=== Your task ===
Give the listing again word for word. Leave every image out.

START Supplied data

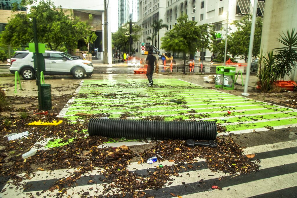 Debris litters the pavement as water levels recede after rainfall from Tropical Storm Alex caused flooding Saturday, June 4, 2022, in the Brickell area near downtown Miami. (Pedro Portal/Miami Herald via AP)
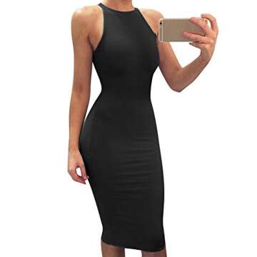 BEAGIMEG Womens Spaghetti Strap O Neck Bodycon Midi Club Party Dress Black, Black, Large
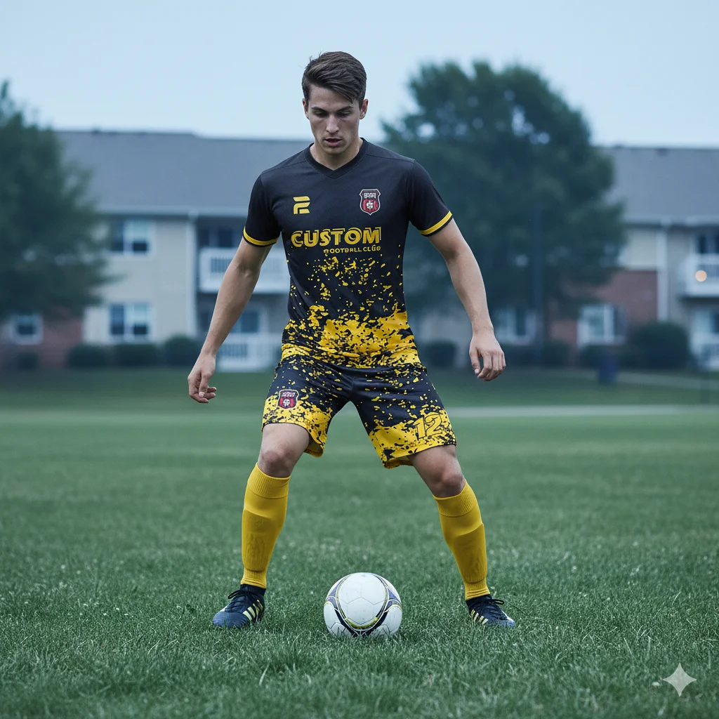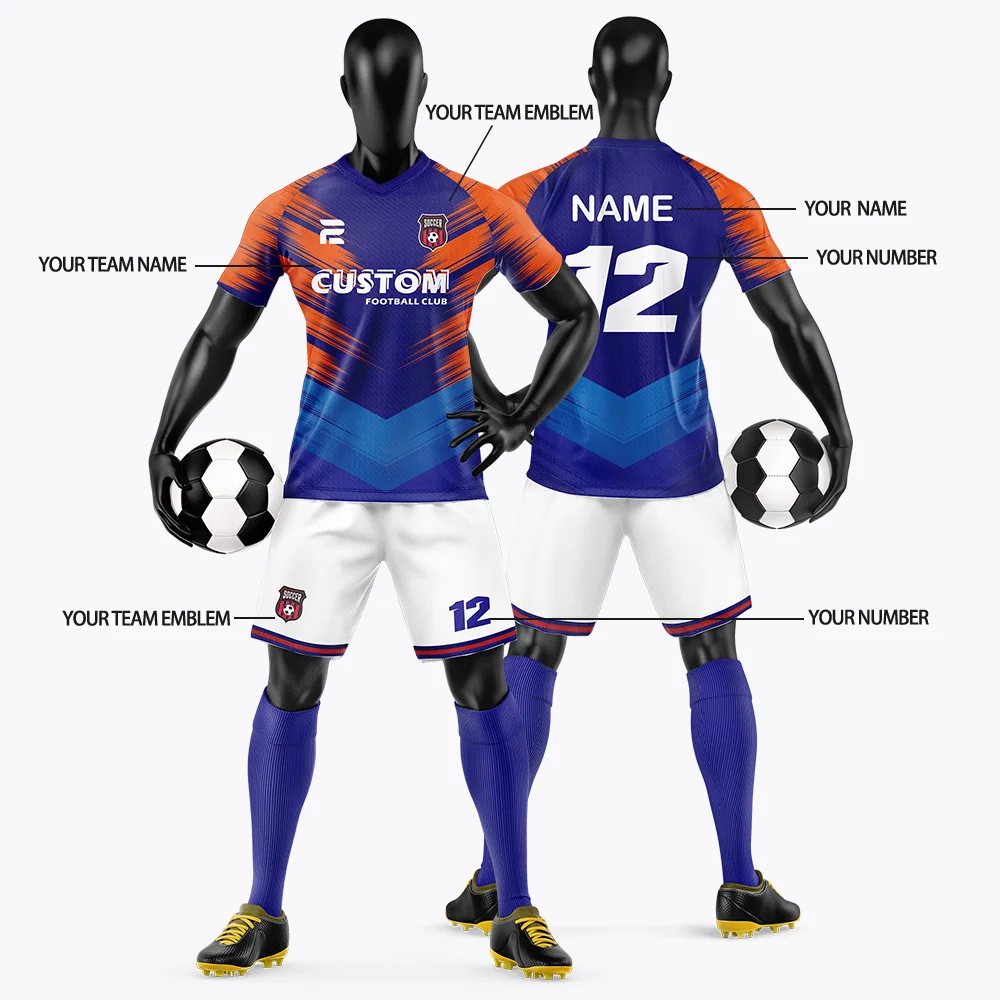Aangepaste sublimatie voetbalshirtsets Ademend voetbaluniform Teamvoetbalshirt Set Training voetbaluniform voor heren

END Supplied data

=== Solved problem ===
 Debris litters the pavement as water levels recede after rainfall from Tropical Storm Alex caused flooding Saturday, June 4, 2022, in the Brickell area near downtown Miami. (Pedro Portal/Miami Herald via AP)
 BEAGIMEG Womens Spaghetti Strap O Neck Bodycon Midi Club Party Dress Black, Black, Large
Aangepaste sublimatie voetbalshirtsets Ademend voetbaluniform Teamvoetbalshirt Set Training voetbaluniform voor heren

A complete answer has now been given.